What an inspired title.


----------



## Lucaniel (Feb 7, 2016)

Stunna said:


> "Jason Bourne"
> 
> What an inspired title.


----------



## Stunna (Feb 7, 2016)

The Bourne Identity
The Bourne Supremacy
The Bourne Ultimatum
The Bourne Legacy
...
Jason Bourne


----------



## Lucaniel (Feb 7, 2016)

Stunna said:


> The Bourne Identity
> The Bourne Supremacy
> The Bourne Ultimatum
> The Bourne Legacy
> ...


bourne trilogy - bourne epilogue movie (hence "legacy") - sequel with a new beginning 12 years from original series end, hence break from the established naming scheme


----------



## Stunna (Feb 7, 2016)

The Bourne Resurrection/synonym > Jason Bourne


----------



## Rukia (Feb 7, 2016)

I'm not going to lie about my focus.  I was looking for Alicia Vikander in that trailer.


----------



## Lucaniel (Feb 7, 2016)

Stunna said:


> The Bourne Resurrection/synonym > Jason Bourne





Lucaniel said:


>


----------



## Detective (Feb 7, 2016)

[YOUTUBE]_gBnmKOixDM[/YOUTUBE]


----------



## Rukia (Feb 7, 2016)

Julia Stiles must be thrilled.  She is basically semi-retired when there are no Bourne movies on the schedule.


----------



## Karasu (Feb 8, 2016)

Detective said:


> [YOUTUBE]_gBnmKOixDM[/YOUTUBE]





Brutal left hook.


----------



## Lucaniel (Feb 8, 2016)

Detective said:


> [YOUTUBE]_gBnmKOixDM[/YOUTUBE]



this...looks a lot more like a standard dumb action movie than the previous bourne movies


----------



## Tranquil Fury (Feb 8, 2016)

Not impressed by it, hope the actual movie turns out better.


----------



## Sennin of Hardwork (Feb 10, 2016)




----------



## ~Gesy~ (Feb 10, 2016)

This is the movie where I finally realize "Wow, Matt's getting old now"


----------



## Vault (Feb 10, 2016)

It's been 12 years since ultimatum


----------



## Stunna (Feb 10, 2016)

[YOUTUBE]YnzgdBAKyJo[/YOUTUBE]


----------



## Karasu (Feb 10, 2016)

~Gesy~ said:


> This is the movie where I finally realize "Wow, Matt's getting old now"




QFT              .


----------



## Detective (Feb 10, 2016)

Stunna said:


> [YOUTUBE]YnzgdBAKyJo[/YOUTUBE]



I can't believe they had the audacity to rip this song's namesake, into a shitty poster.


----------



## ~Gesy~ (Feb 10, 2016)

Bond didn't invent the saying

It's old and cliche


----------



## Sherlōck (Feb 12, 2016)

I missed that tune.


----------



## ghstwrld (Feb 12, 2016)

looks like pure S tbh


----------



## Sennin of Hardwork (Apr 21, 2016)

[YOUTUBE]F4gJsKZvqE4[/YOUTUBE]


----------



## Lance (Apr 21, 2016)

Looks good.


----------



## Vault (Apr 21, 2016)

Greengrass + Damon is a auto in!


----------



## Mider T (Apr 21, 2016)

Julia Stiles


----------



## The World (Apr 21, 2016)

Jason is one punch man


----------



## Rukia (Apr 21, 2016)

That guy was out!


----------



## Sennin of Hardwork (Jul 28, 2016)




----------



## Rukia (Jul 28, 2016)

I'm about to see it.  Theatre is empty.  Nerve was more crowded on a Tuesday night.


----------



## Detective (Jul 28, 2016)

Vault said:


> Greengrass + Damon is a auto in!



Vaulto, I am sorry for what you will experience when you see this film.



Mider T said:


> Julia Stiles



Mider, I am sorry for what you will experience when you see this film.
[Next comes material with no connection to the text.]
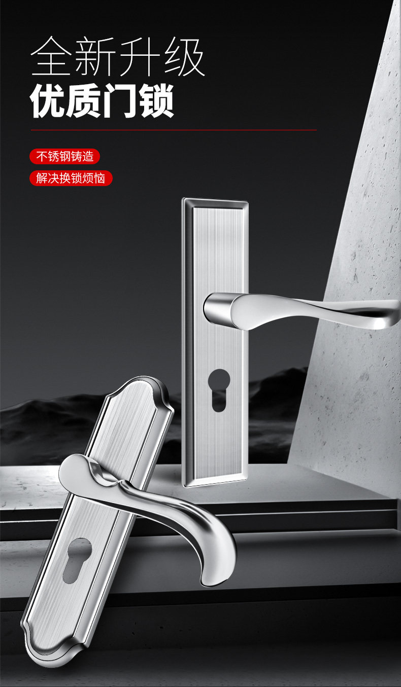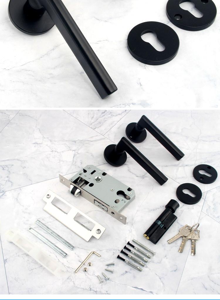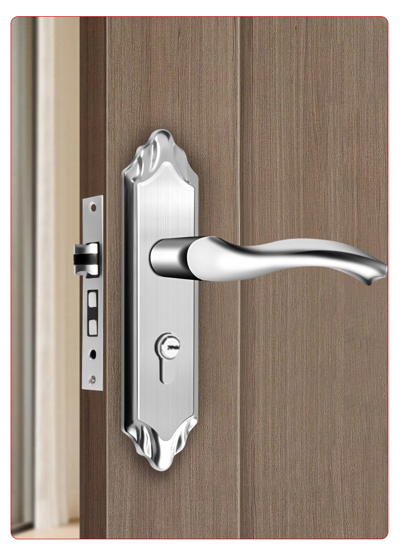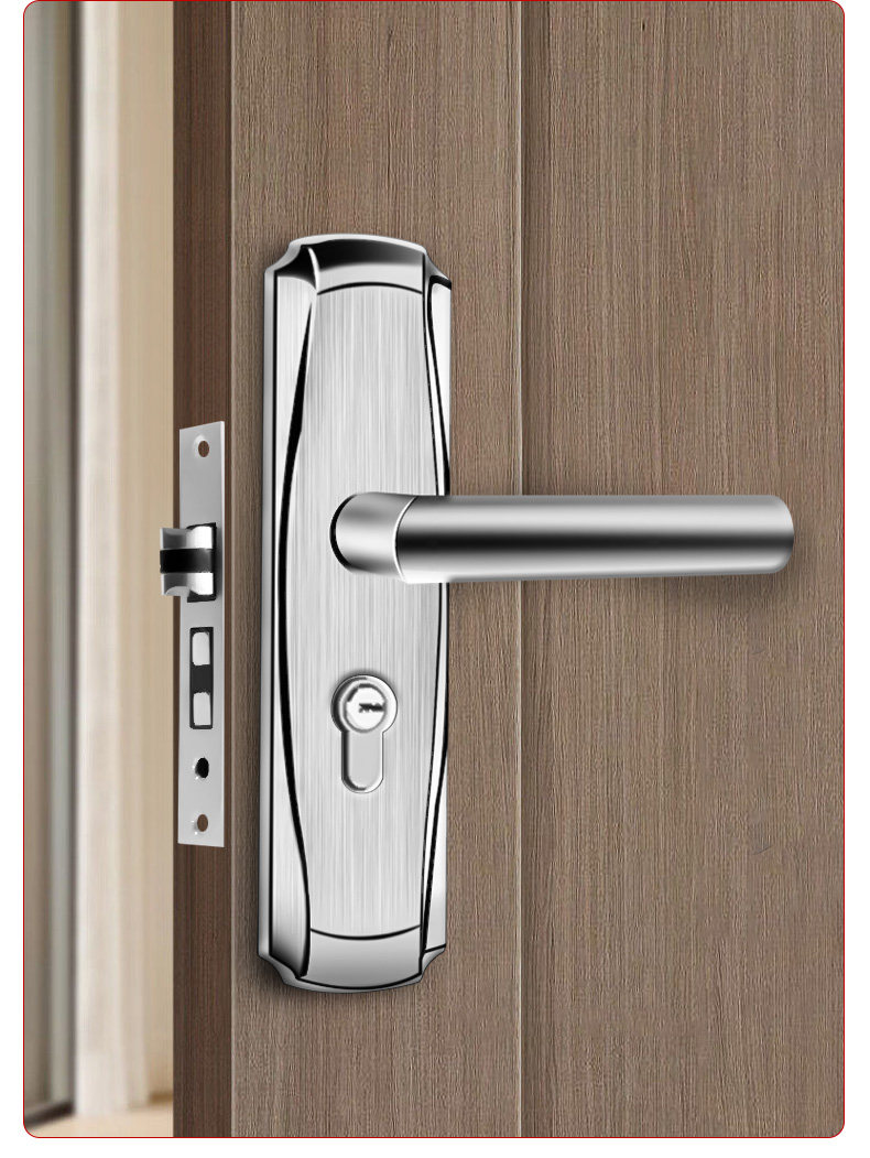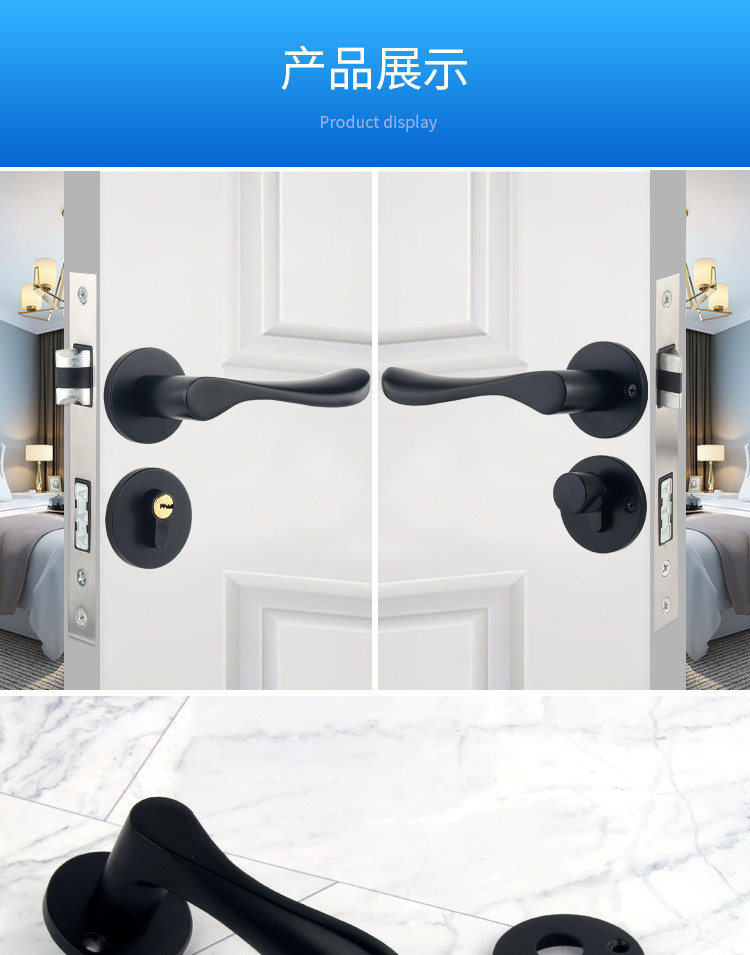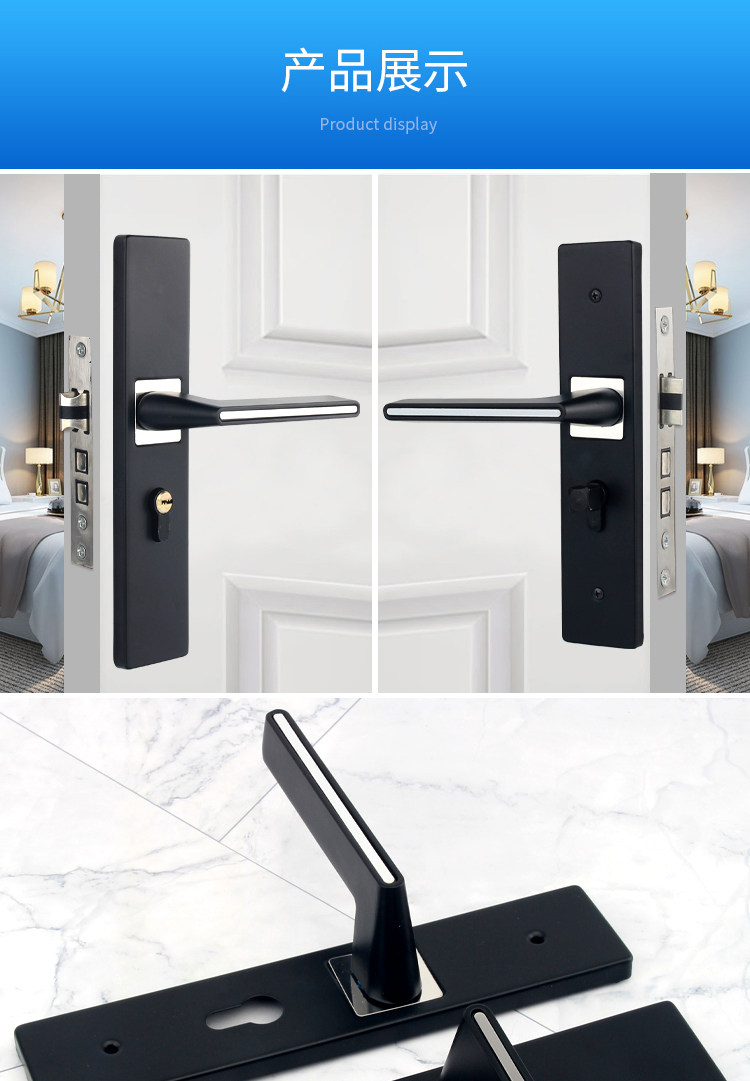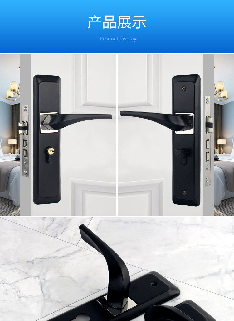 Indoor Stainless Steel Door Lock, Bedroom Lock, Black Silent Lock, Universal Room Wooden Door Lock, Household Lock, Handle Lock

*P.S:* She really let herself go... or let herself slip in your lingo.



Rukia said:


> I'm about to see it.  Theatre is empty.  Nerve was more crowded on a Tuesday night.



Why are we always on such a fine tuned wavelength dude? I also saw it tonight. 

Also, I have a strong feeling you will share my opinion on this film after viewing it. Looks like our early analysis was spot on once again.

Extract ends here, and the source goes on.